Excerpts from a dataset
● ● ●

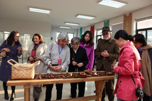 中外专家们旁听必赢官网艺术与设计学院教师公开课后,还在建筑与城乡规划学院数字建构、模型营造实验室,观摩了必赢官网学生在老师的指导下手工木作的制作过程,并对师生亲手制作雕刻的印章、木盘、木勺等频频点赞。
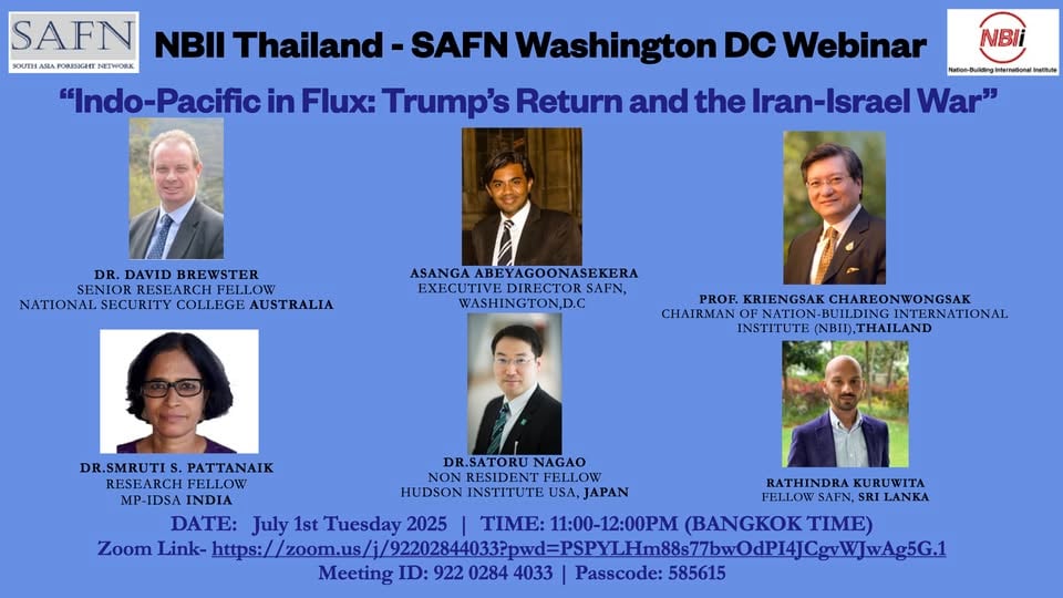 SAFN-NBII webinar on "Indo-Pacific in Flux: Trump’s Return and the Iran-Israel War"
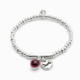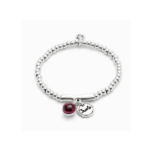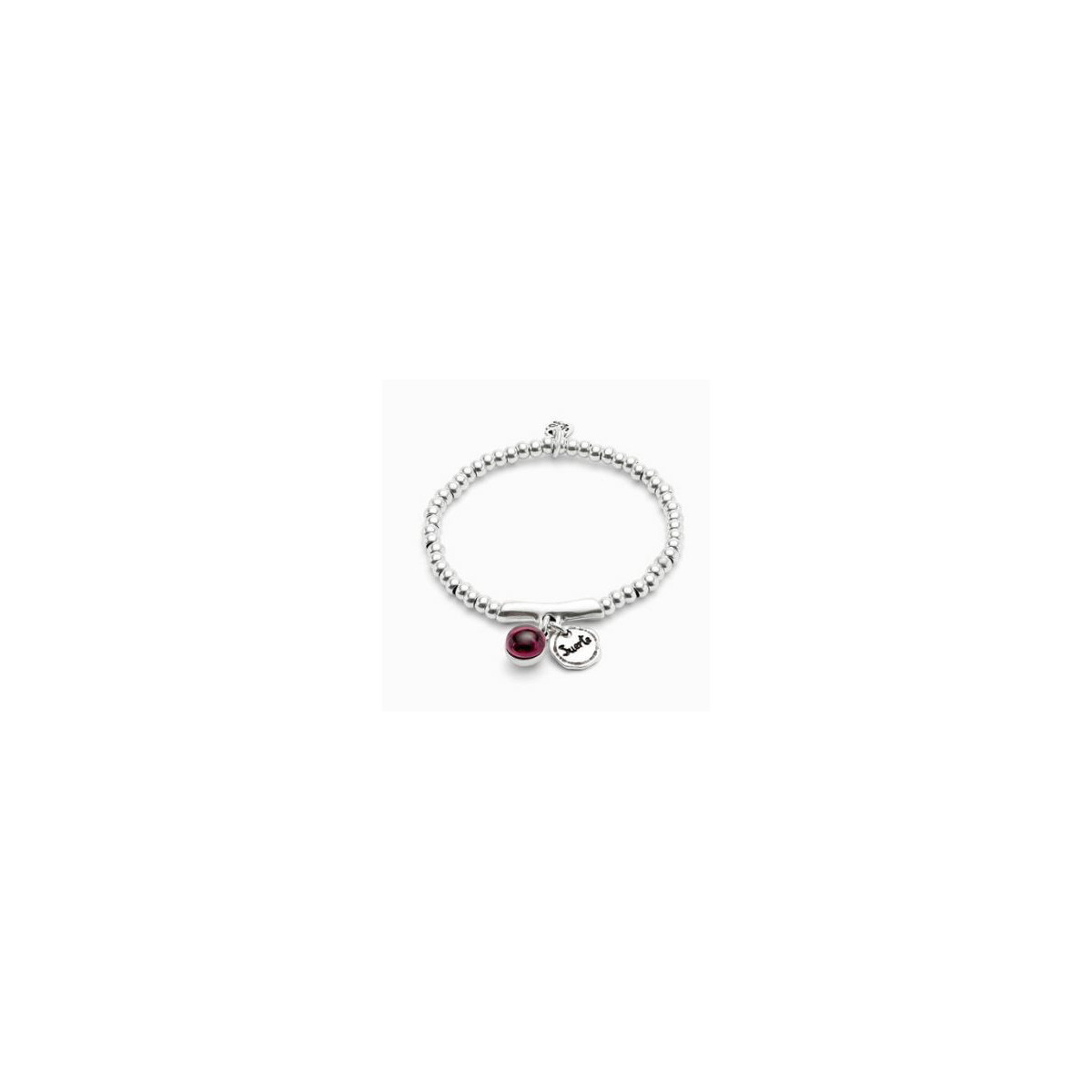 Esta pulsera bañada en plata combina cuentas redondeadas con una barra central y dos charms llenos de significado: una gota de cristal de Murano en tono morado, símbolo de introspección y sabiduría, y una medalla grabada con la palabra “Suerte”, para llevar contigo una dosis extra de buena energía.
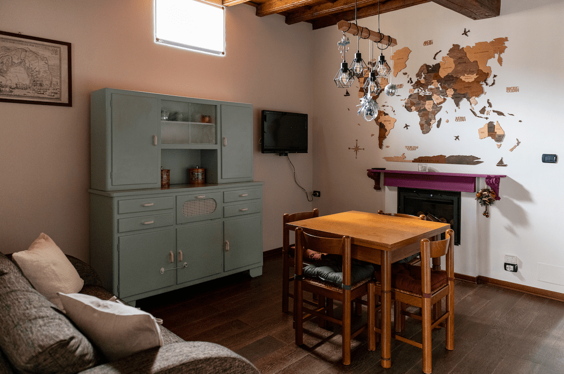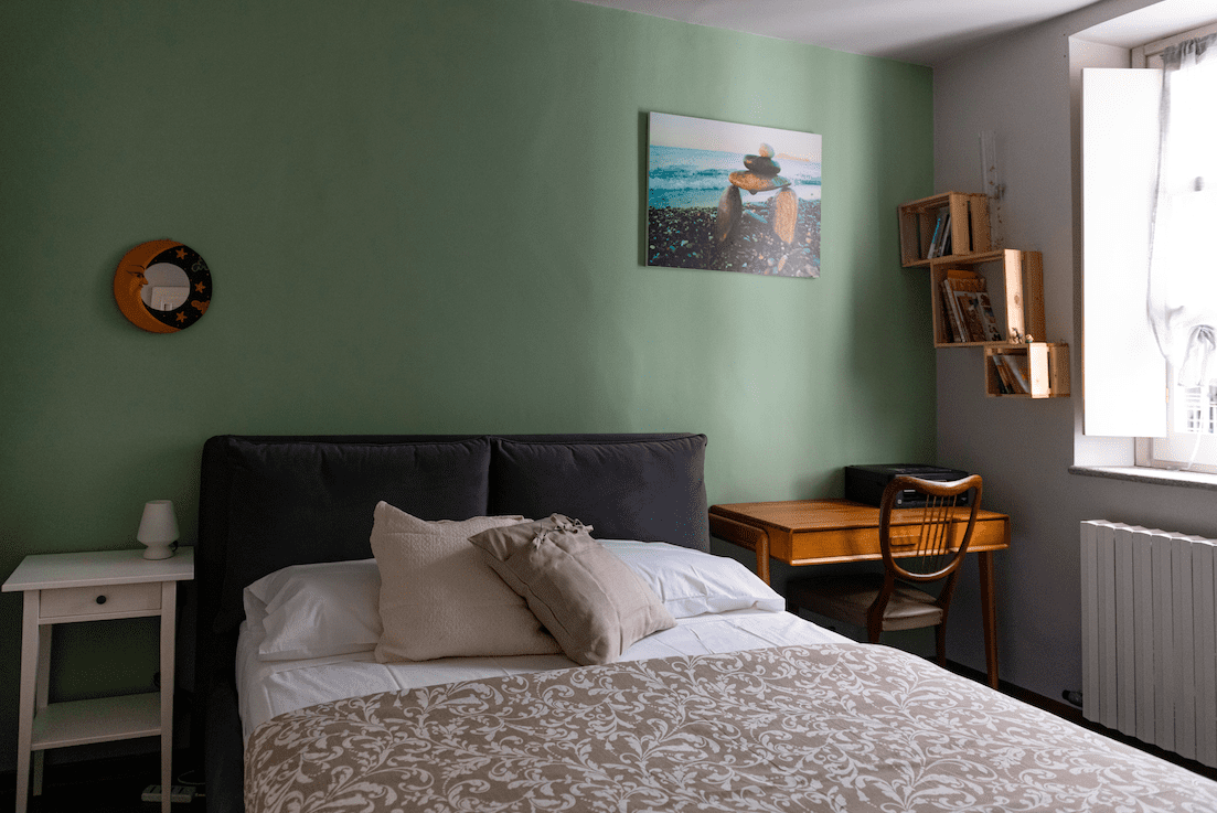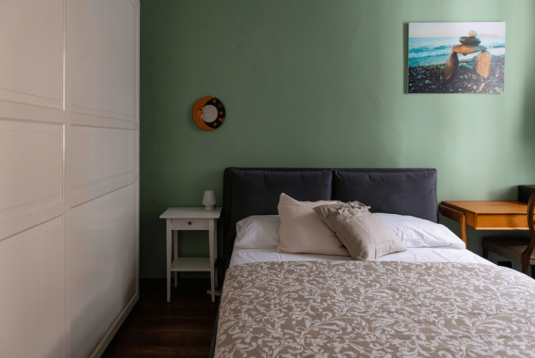 Da un corridoio spazioso si distribuiscono le stanze: la camera da letto matrimoniale con un grande armadio a parete e la zona giorno con un angolo cottura attrezzato e una zona con un divano letto matrimoniale.
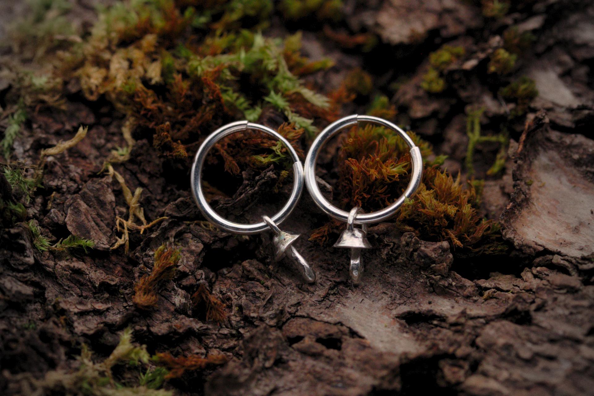 Tiny fungi charm earrings made using sterling silver - each fungi is unique, no two are ever the same. These fungi are paired for their similar shape and size.
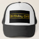 Garota de aniversário! Na fonte de ouro divertida. Escolha a cor do chapéu do caminhoneiro. Os clientes podem alterar a caixa de texto preto ou removê-la do design. Combine com o capuz. Por https://www.zazzle.com/store/celestesheffey
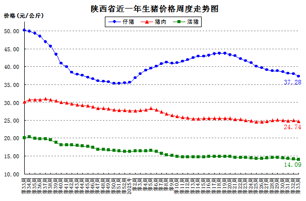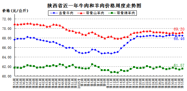近一年全省主要畜产品价格周度走势图 2025-08-13
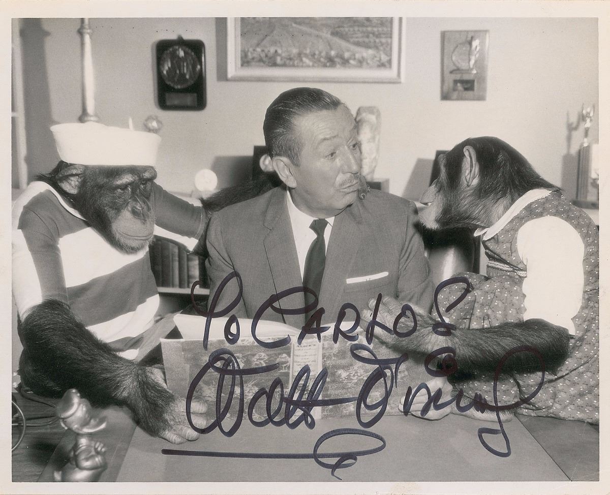 Amusing matte-finish 10 x 8 photo of Disney reading Alice’s Adventures in Wonderland to two chimpanzees sitting on his desk, with one chimp in a dress and the other dressed as a sailor, nicely signed and inscribed in black felt tip, “To Carlos, Walt Disney.” In fine condition, with a crease to lower right corner. A humorous image boasting a very bold, large signature.
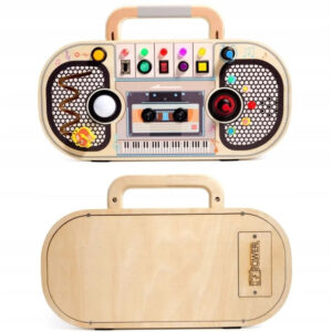 Ten kolorowy magnetofon z drewna to edukacyjna zabawka, która łączy muzykę, światło i naukę przez zabawę. Dzięki prostym przyciskom i przyjaznemu designowi rozwija zmysły i koordynację dziecka.
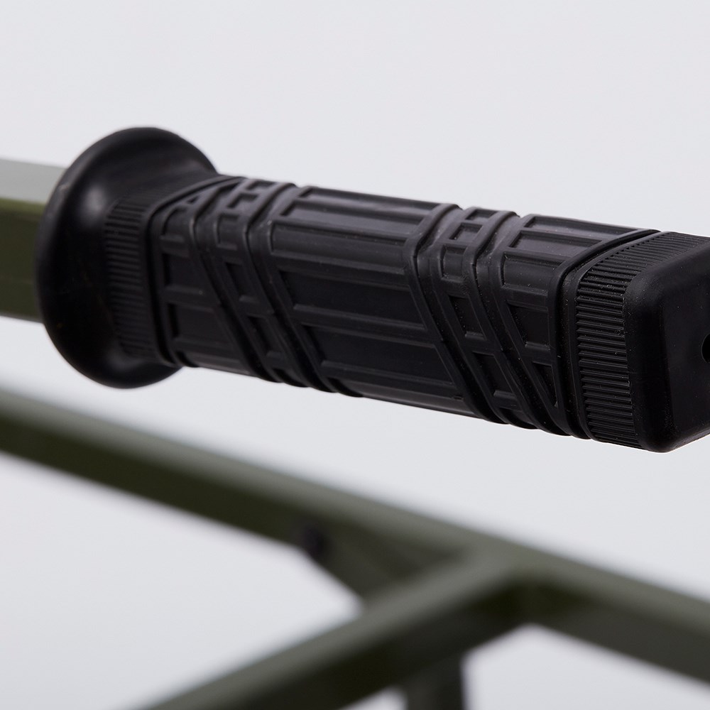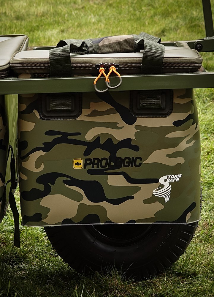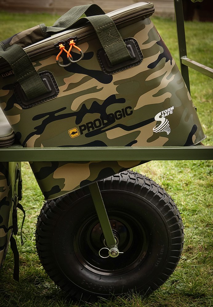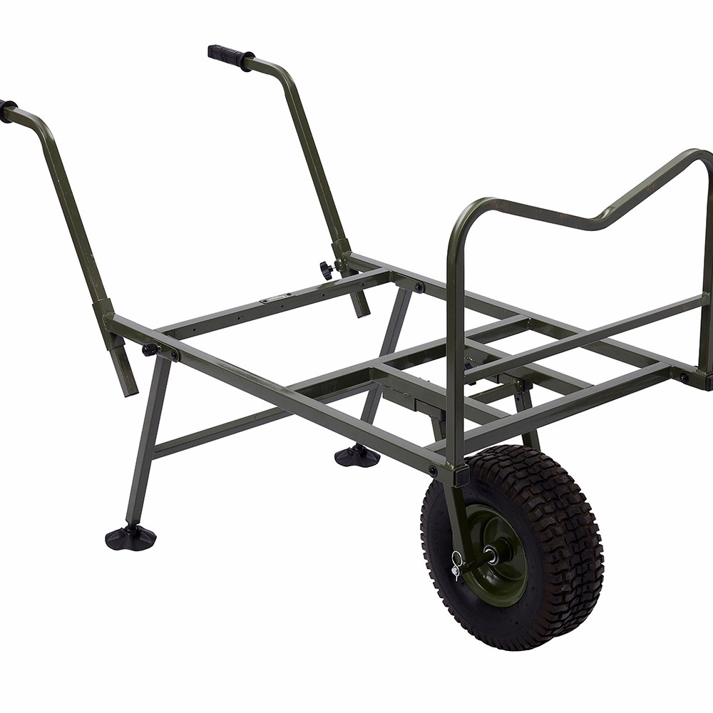 Tento robustní vozík lze použít ve spojení s křeslem a jeho nohy slouží jako postranice. To umožňuje mnohem menší a lehčí přepravní velikost, kterou lze rychleji a snadněji nastavit. Přední kolo bylo speciálně umístěno tak, aby poskytovalo optimální rovnováhu a zajistilo rovnoměrné rozložení vybavení ve vozíku. Plochá skládací přední kolejnice bezpečně drží zavazadla během přepravy. Výšku rukojeti lze individuálně nastavit, aby bylo možné s vozíkem manévrovat s nataženýma rukama, což vám dává větší kontrolu a snižuje únavu! Díky univerzální pneumatice Big Boy, která snadno zdolá i ten nejtěžší terén, i plně naložený vozík je bezpečný a snadno dosažitelný na lovné místo. Jejich velké rozměry umožňují lepší rozložení hmotnosti pro bezpečné manévrování i na měkkém podkladu. Zesílená dvojitá konstrukce zajišťuje vynikající přilnavost a chrání před nadměrným odporem vzduchu.
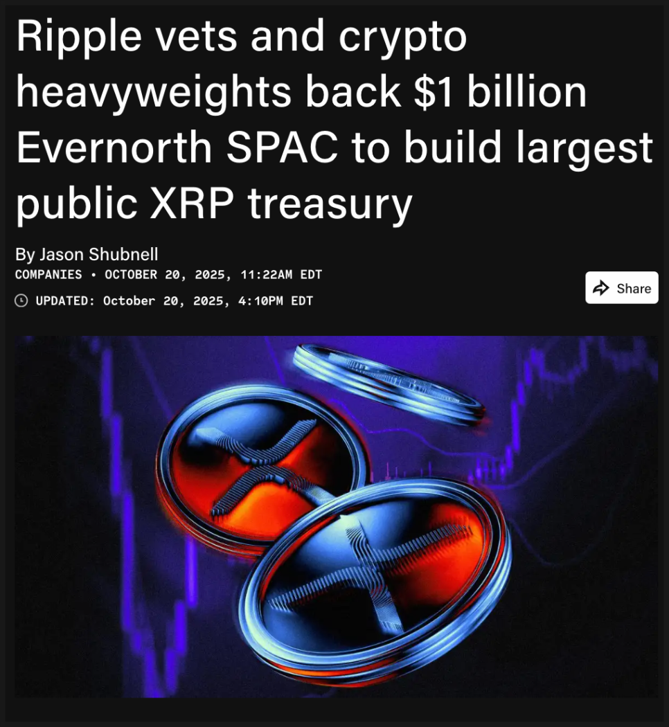 이번 주에는 리플(XRP) 관련 대형 뉴스도 있었습니다. 신설 기업 에버노스 홀딩스(Evernorth Holdings Inc.)가 기업인수목적회사 스팩(SPAC·Special-Purpose Acquisition Company)인 아르마다 애퀴지션(Armada Acquisition Corp II)과 합병해 미국 나스닥(Nasdaq)에 상장한다고 발표했습니다. 상장 완료는 2026년 1분기로 예상되며, 티커는 XRPN이 될 예정입니다.
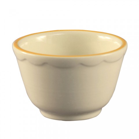 Seville Bouillon Cup, 7-1/4 oz., 4" dia. x 2-3/8"H, round, scallop edge, dishwasher and oven safe, stoneware (ceramic), Gold Band/American White (Sold by case)
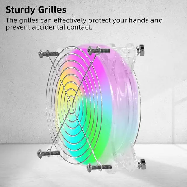 Durable Grilles The 120mm case fan's sturdy silver grilles protect fingers and wires while maximizing airflow, ensuring safe and efficient cooling for gaming consoles, TVs, hard drive case and AV entertainments.
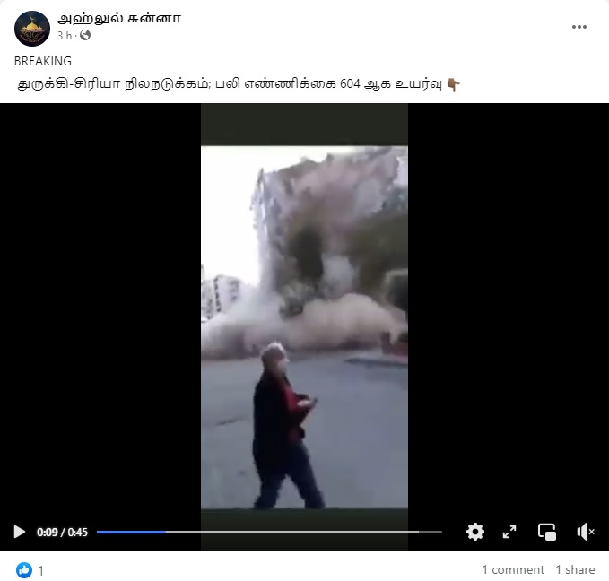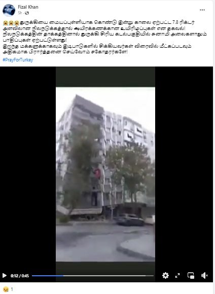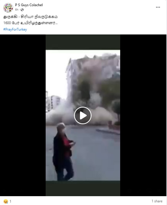 இந்நிலையில், துருக்கி நிலநடுக்க காணொளி என்பதாக பல்வேறு வீடியோக்கள் சமூக வலைத்தளங்களில் பரவி வருகின்றன. அதில், “துருக்கி நிலநடுக்கம்” என்பதாக வீடியோ ஒன்று பரவுகிறது.
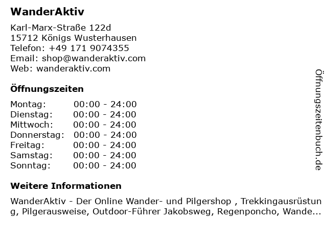 | Öffnungszeiten WanderAktiv in Königs Wusterhausen anzeigen | |

● ● ●

Repeat the entries above exactly as written, but not their pictures.

 中外专家们旁听必赢官网艺术与设计学院教师公开课后,还在建筑与城乡规划学院数字建构、模型营造实验室,观摩了必赢官网学生在老师的指导下手工木作的制作过程,并对师生亲手制作雕刻的印章、木盘、木勺等频频点赞。
 SAFN-NBII webinar on "Indo-Pacific in Flux: Trump’s Return and the Iran-Israel War"
 Esta pulsera bañada en plata combina cuentas redondeadas con una barra central y dos charms llenos de significado: una gota de cristal de Murano en tono morado, símbolo de introspección y sabiduría, y una medalla grabada con la palabra “Suerte”, para llevar contigo una dosis extra de buena energía.
 Da un corridoio spazioso si distribuiscono le stanze: la camera da letto matrimoniale con un grande armadio a parete e la zona giorno con un angolo cottura attrezzato e una zona con un divano letto matrimoniale.
 Tiny fungi charm earrings made using sterling silver - each fungi is unique, no two are ever the same. These fungi are paired for their similar shape and size.
 Garota de aniversário! Na fonte de ouro divertida. Escolha a cor do chapéu do caminhoneiro. Os clientes podem alterar a caixa de texto preto ou removê-la do design. Combine com o capuz. Por https://www.zazzle.com/store/celestesheffey
近一年全省主要畜产品价格周度走势图 2025-08-13
 Amusing matte-finish 10 x 8 photo of Disney reading Alice’s Adventures in Wonderland to two chimpanzees sitting on his desk, with one chimp in a dress and the other dressed as a sailor, nicely signed and inscribed in black felt tip, “To Carlos, Walt Disney.” In fine condition, with a crease to lower right corner. A humorous image boasting a very bold, large signature.
 Ten kolorowy magnetofon z drewna to edukacyjna zabawka, która łączy muzykę, światło i naukę przez zabawę. Dzięki prostym przyciskom i przyjaznemu designowi rozwija zmysły i koordynację dziecka.
 Tento robustní vozík lze použít ve spojení s křeslem a jeho nohy slouží jako postranice. To umožňuje mnohem menší a lehčí přepravní velikost, kterou lze rychleji a snadněji nastavit. Přední kolo bylo speciálně umístěno tak, aby poskytovalo optimální rovnováhu a zajistilo rovnoměrné rozložení vybavení ve vozíku. Plochá skládací přední kolejnice bezpečně drží zavazadla během přepravy. Výšku rukojeti lze individuálně nastavit, aby bylo možné s vozíkem manévrovat s nataženýma rukama, což vám dává větší kontrolu a snižuje únavu! Díky univerzální pneumatice Big Boy, která snadno zdolá i ten nejtěžší terén, i plně naložený vozík je bezpečný a snadno dosažitelný na lovné místo. Jejich velké rozměry umožňují lepší rozložení hmotnosti pro bezpečné manévrování i na měkkém podkladu. Zesílená dvojitá konstrukce zajišťuje vynikající přilnavost a chrání před nadměrným odporem vzduchu.
 이번 주에는 리플(XRP) 관련 대형 뉴스도 있었습니다. 신설 기업 에버노스 홀딩스(Evernorth Holdings Inc.)가 기업인수목적회사 스팩(SPAC·Special-Purpose Acquisition Company)인 아르마다 애퀴지션(Armada Acquisition Corp II)과 합병해 미국 나스닥(Nasdaq)에 상장한다고 발표했습니다. 상장 완료는 2026년 1분기로 예상되며, 티커는 XRPN이 될 예정입니다.
 Seville Bouillon Cup, 7-1/4 oz., 4" dia. x 2-3/8"H, round, scallop edge, dishwasher and oven safe, stoneware (ceramic), Gold Band/American White (Sold by case)
 Durable Grilles The 120mm case fan's sturdy silver grilles protect fingers and wires while maximizing airflow, ensuring safe and efficient cooling for gaming consoles, TVs, hard drive case and AV entertainments.
 இந்நிலையில், துருக்கி நிலநடுக்க காணொளி என்பதாக பல்வேறு வீடியோக்கள் சமூக வலைத்தளங்களில் பரவி வருகின்றன. அதில், “துருக்கி நிலநடுக்கம்” என்பதாக வீடியோ ஒன்று பரவுகிறது.
 | Öffnungszeiten WanderAktiv in Königs Wusterhausen anzeigen | |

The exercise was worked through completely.